About this exercise: Could you print exactly the lines of the listing below, starting at the line that has "トレーナー スウェット トレーナー" and ending at the line that has "4년째 병석에 누워있는", and only those lines?

Recorded data:
= Beginning of Section =

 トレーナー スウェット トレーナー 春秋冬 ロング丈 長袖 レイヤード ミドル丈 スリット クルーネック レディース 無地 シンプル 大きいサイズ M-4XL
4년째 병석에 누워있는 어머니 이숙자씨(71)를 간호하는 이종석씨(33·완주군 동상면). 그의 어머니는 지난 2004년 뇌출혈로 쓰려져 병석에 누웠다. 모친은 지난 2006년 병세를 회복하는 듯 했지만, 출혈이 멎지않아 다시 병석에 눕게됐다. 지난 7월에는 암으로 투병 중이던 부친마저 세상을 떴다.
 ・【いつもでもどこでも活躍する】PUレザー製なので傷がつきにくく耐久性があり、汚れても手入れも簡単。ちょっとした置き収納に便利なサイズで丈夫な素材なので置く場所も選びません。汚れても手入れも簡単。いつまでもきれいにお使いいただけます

= End of Section =
= Beginning of Section =

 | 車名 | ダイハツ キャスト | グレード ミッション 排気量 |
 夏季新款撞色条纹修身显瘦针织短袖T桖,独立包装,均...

= End of Section =

Answer to this exercise:
 トレーナー スウェット トレーナー 春秋冬 ロング丈 長袖 レイヤード ミドル丈 スリット クルーネック レディース 無地 シンプル 大きいサイズ M-4XL
4년째 병석에 누워있는 어머니 이숙자씨(71)를 간호하는 이종석씨(33·완주군 동상면). 그의 어머니는 지난 2004년 뇌출혈로 쓰려져 병석에 누웠다. 모친은 지난 2006년 병세를 회복하는 듯 했지만, 출혈이 멎지않아 다시 병석에 눕게됐다. 지난 7월에는 암으로 투병 중이던 부친마저 세상을 떴다.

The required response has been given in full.